INPUT RECORDS:
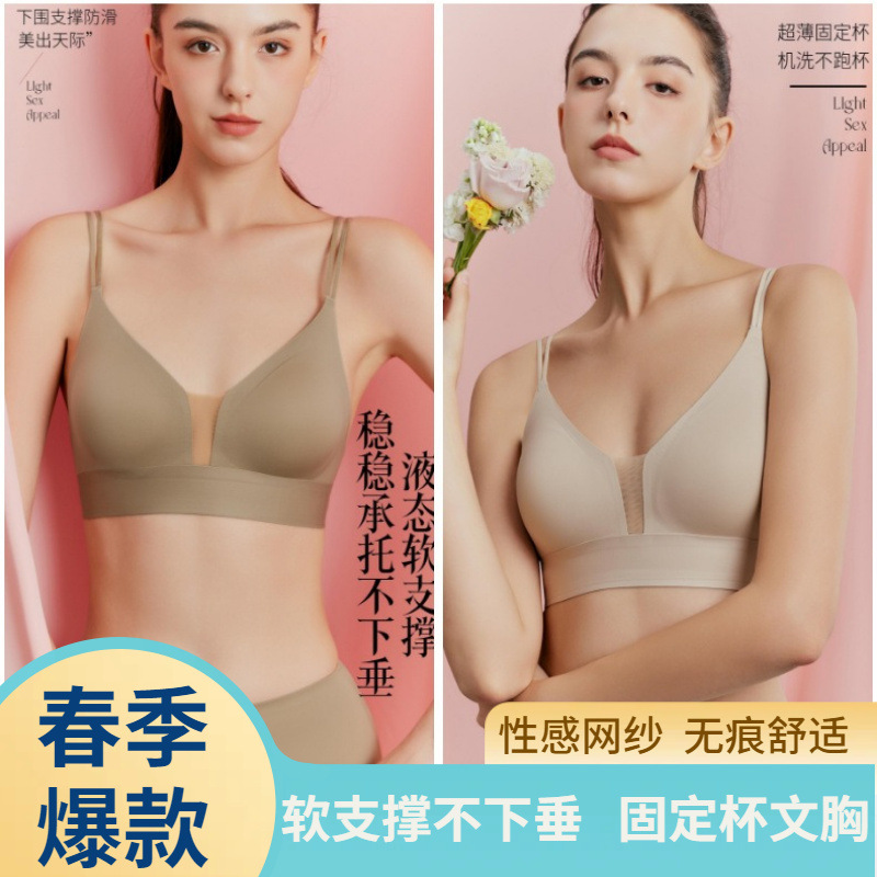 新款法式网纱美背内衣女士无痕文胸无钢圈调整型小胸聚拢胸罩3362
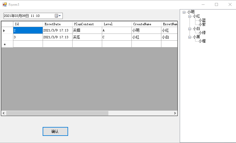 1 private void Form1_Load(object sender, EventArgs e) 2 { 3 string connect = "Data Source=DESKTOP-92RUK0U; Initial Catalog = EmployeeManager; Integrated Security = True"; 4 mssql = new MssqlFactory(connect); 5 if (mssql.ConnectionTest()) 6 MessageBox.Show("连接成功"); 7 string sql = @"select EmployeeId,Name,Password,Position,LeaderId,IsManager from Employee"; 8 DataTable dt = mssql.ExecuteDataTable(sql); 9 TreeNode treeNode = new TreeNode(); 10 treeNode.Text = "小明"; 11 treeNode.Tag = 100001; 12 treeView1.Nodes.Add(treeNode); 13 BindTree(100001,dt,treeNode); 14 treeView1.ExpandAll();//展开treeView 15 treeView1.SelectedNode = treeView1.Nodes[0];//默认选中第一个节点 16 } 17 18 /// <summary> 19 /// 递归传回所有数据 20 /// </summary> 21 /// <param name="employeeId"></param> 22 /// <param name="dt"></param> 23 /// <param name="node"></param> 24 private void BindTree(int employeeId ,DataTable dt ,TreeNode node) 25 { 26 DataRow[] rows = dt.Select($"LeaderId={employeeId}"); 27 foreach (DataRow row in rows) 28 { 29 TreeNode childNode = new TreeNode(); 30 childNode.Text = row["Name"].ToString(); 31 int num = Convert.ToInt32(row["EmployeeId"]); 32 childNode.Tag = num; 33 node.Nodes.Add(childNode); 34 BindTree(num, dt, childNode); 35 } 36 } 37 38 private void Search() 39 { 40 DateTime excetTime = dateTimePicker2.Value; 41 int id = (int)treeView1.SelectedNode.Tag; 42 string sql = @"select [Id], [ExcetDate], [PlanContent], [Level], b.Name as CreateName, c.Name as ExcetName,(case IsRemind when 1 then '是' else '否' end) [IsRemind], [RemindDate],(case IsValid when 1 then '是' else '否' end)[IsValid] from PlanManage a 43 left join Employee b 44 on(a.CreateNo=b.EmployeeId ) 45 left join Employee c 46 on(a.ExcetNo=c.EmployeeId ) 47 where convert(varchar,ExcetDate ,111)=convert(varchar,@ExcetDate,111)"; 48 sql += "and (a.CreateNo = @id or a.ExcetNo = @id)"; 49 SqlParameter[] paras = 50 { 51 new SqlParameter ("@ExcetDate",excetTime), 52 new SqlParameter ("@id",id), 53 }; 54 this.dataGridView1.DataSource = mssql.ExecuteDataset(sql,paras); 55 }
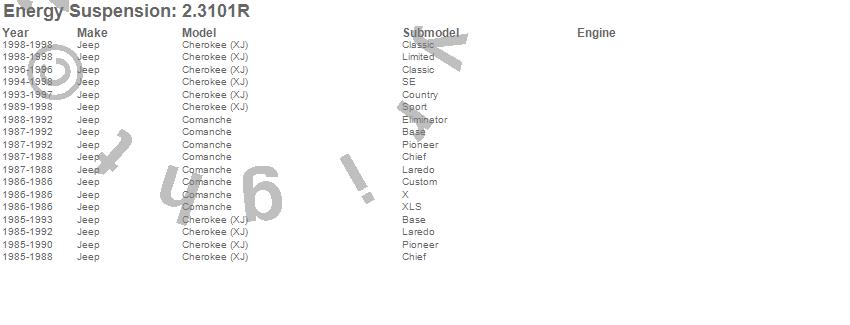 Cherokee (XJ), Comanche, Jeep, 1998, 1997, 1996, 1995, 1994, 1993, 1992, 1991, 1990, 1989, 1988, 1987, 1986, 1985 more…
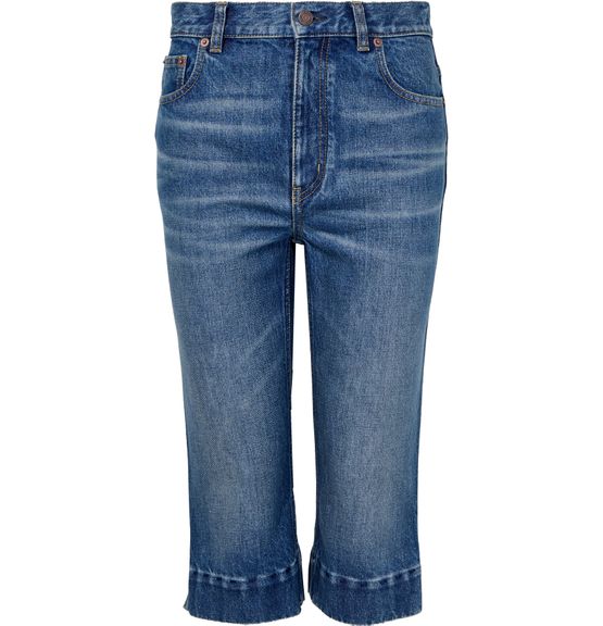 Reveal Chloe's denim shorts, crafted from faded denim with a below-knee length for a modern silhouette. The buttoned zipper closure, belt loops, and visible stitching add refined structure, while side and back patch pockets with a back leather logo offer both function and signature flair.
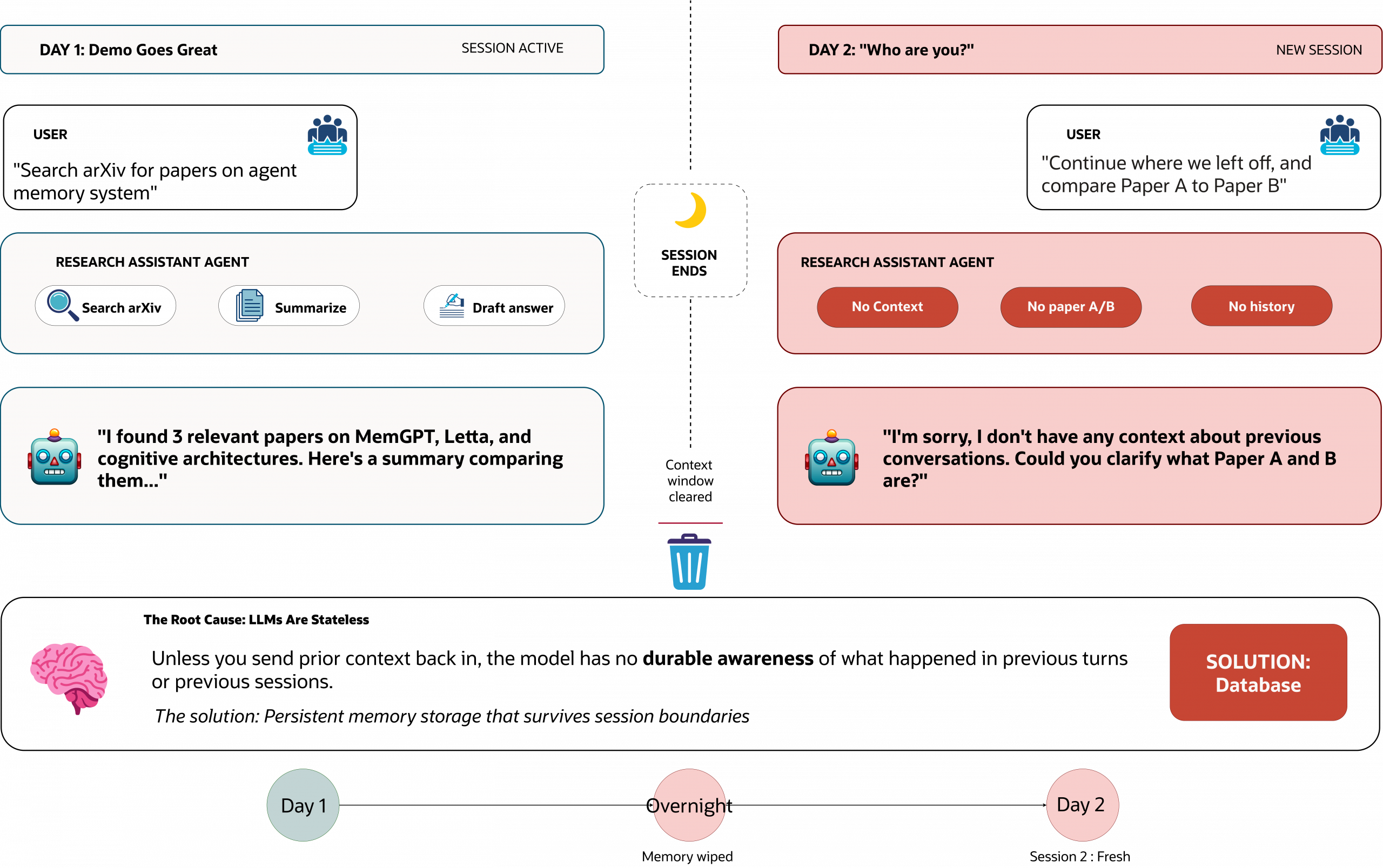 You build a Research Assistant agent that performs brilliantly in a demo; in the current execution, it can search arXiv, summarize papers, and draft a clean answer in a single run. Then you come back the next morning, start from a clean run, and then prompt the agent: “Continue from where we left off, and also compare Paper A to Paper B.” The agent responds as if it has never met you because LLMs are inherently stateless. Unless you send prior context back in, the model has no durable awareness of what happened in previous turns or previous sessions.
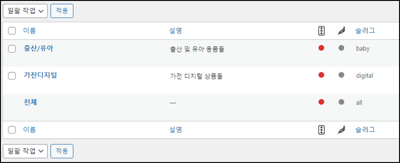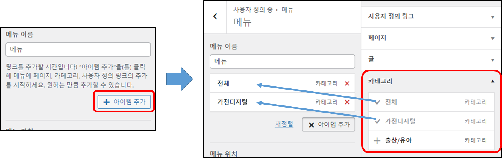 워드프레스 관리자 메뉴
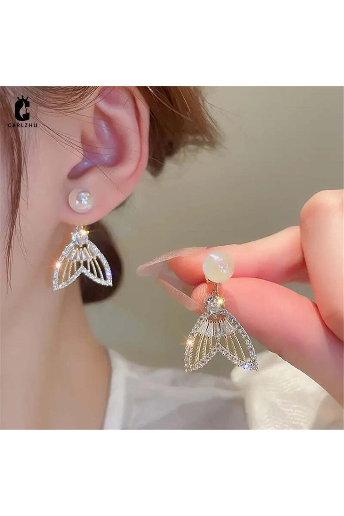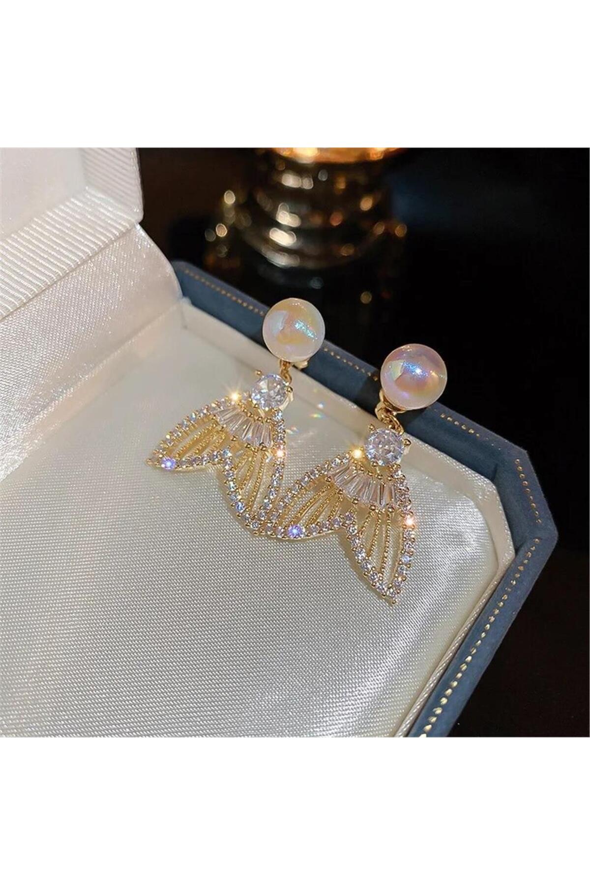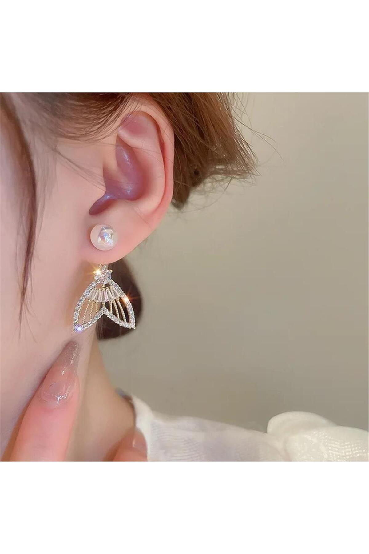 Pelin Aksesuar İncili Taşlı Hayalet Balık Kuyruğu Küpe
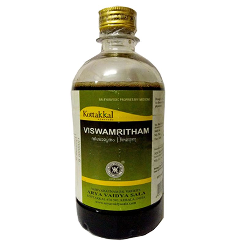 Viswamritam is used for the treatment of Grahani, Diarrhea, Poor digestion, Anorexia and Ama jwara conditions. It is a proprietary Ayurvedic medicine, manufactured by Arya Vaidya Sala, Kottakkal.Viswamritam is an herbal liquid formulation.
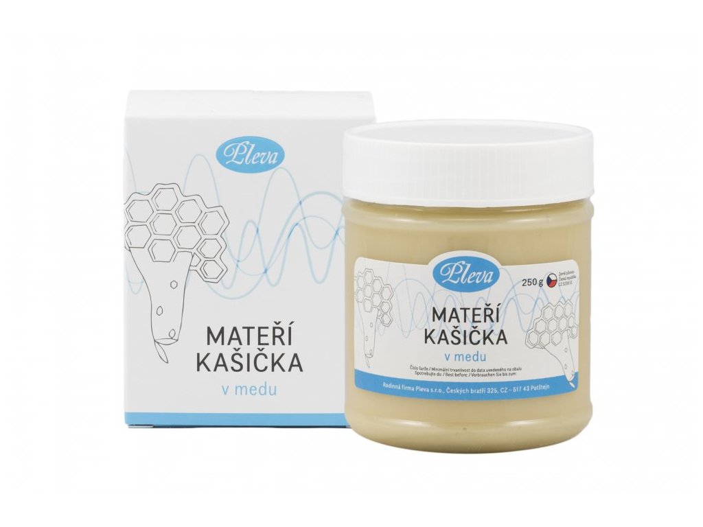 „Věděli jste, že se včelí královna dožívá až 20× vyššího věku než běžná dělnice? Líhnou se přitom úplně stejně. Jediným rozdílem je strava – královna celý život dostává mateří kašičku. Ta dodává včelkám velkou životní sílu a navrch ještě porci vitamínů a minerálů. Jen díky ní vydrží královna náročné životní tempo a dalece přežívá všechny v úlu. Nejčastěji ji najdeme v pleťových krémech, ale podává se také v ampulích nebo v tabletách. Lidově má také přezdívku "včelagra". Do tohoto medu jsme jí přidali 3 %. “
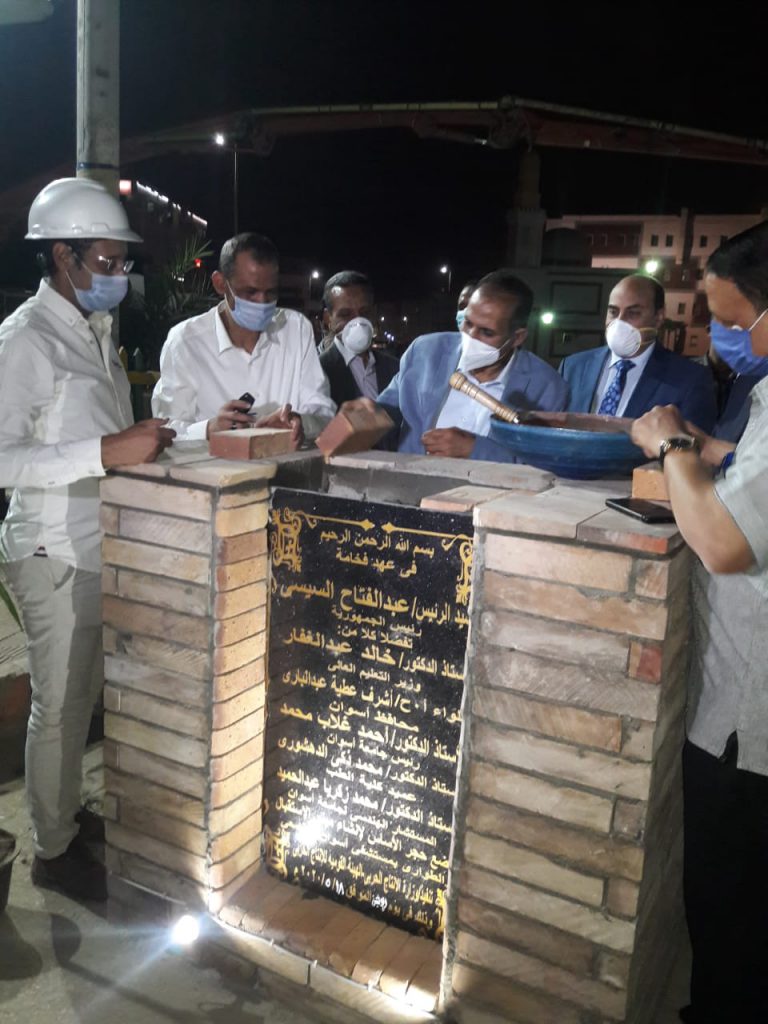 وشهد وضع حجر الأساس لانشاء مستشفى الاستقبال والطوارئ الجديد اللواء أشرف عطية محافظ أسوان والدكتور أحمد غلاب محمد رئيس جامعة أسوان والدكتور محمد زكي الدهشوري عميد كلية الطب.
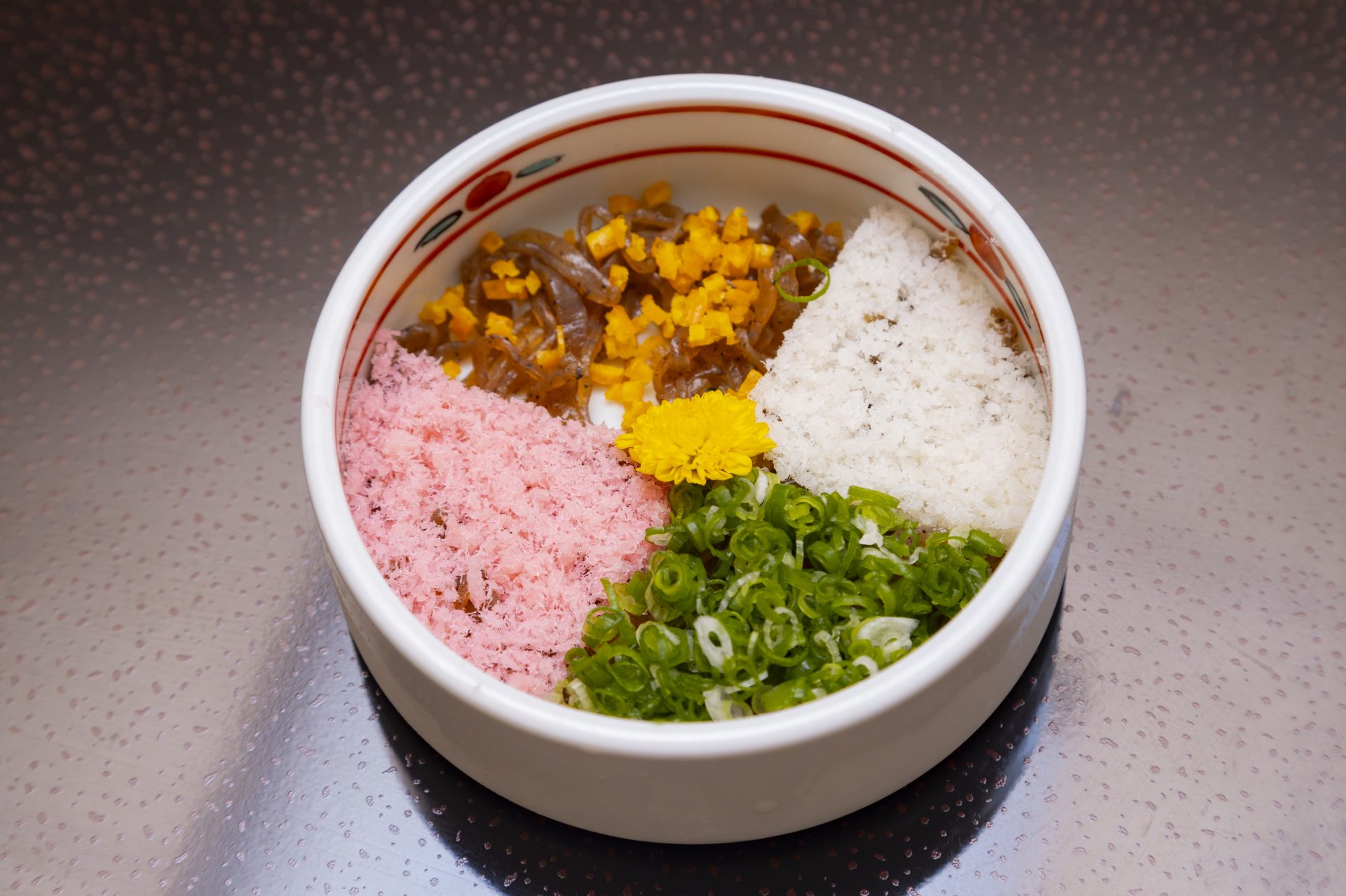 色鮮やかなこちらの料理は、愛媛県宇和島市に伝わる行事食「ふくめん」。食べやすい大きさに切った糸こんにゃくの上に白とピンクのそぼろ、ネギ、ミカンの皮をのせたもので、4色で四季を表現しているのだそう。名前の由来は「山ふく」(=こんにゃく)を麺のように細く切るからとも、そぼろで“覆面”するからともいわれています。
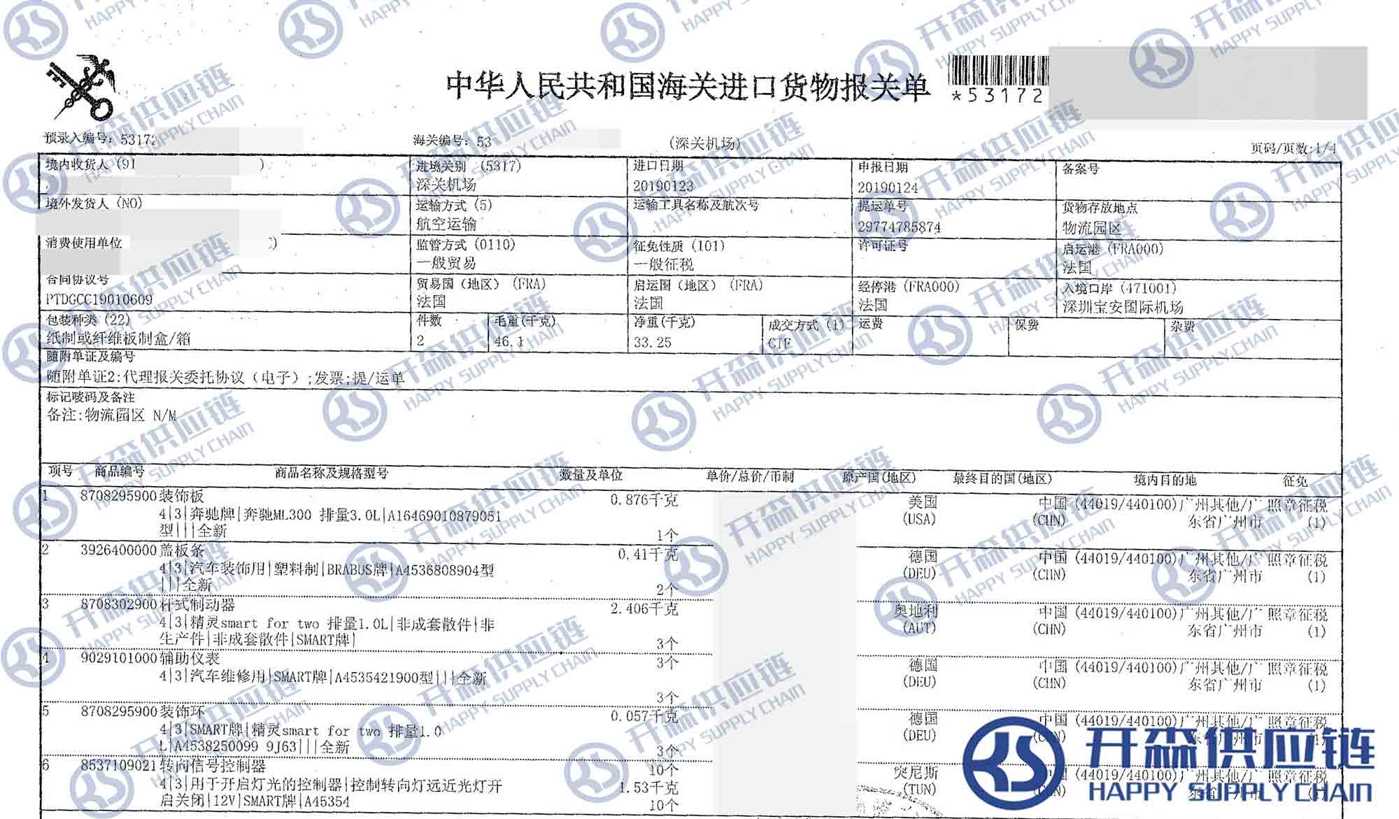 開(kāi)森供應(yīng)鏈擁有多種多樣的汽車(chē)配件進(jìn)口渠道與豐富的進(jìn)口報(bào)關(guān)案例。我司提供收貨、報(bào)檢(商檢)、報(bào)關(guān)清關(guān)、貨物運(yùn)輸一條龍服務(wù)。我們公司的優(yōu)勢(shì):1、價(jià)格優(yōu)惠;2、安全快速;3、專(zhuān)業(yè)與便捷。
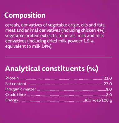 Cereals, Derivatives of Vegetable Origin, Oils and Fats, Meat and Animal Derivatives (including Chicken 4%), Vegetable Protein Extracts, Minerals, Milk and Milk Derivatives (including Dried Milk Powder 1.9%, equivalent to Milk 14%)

TASK STATEMENT:
The copy should hold exactly the lines above from the one with "Viswamritam is used" through the one with "وشهد وضع حجر", both ends counted, and no pictures at all.

EXERCISE ANSWER:
 Viswamritam is used for the treatment of Grahani, Diarrhea, Poor digestion, Anorexia and Ama jwara conditions. It is a proprietary Ayurvedic medicine, manufactured by Arya Vaidya Sala, Kottakkal.Viswamritam is an herbal liquid formulation.
 „Věděli jste, že se včelí královna dožívá až 20× vyššího věku než běžná dělnice? Líhnou se přitom úplně stejně. Jediným rozdílem je strava – královna celý život dostává mateří kašičku. Ta dodává včelkám velkou životní sílu a navrch ještě porci vitamínů a minerálů. Jen díky ní vydrží královna náročné životní tempo a dalece přežívá všechny v úlu. Nejčastěji ji najdeme v pleťových krémech, ale podává se také v ampulích nebo v tabletách. Lidově má také přezdívku "včelagra". Do tohoto medu jsme jí přidali 3 %. “
 وشهد وضع حجر الأساس لانشاء مستشفى الاستقبال والطوارئ الجديد اللواء أشرف عطية محافظ أسوان والدكتور أحمد غلاب محمد رئيس جامعة أسوان والدكتور محمد زكي الدهشوري عميد كلية الطب.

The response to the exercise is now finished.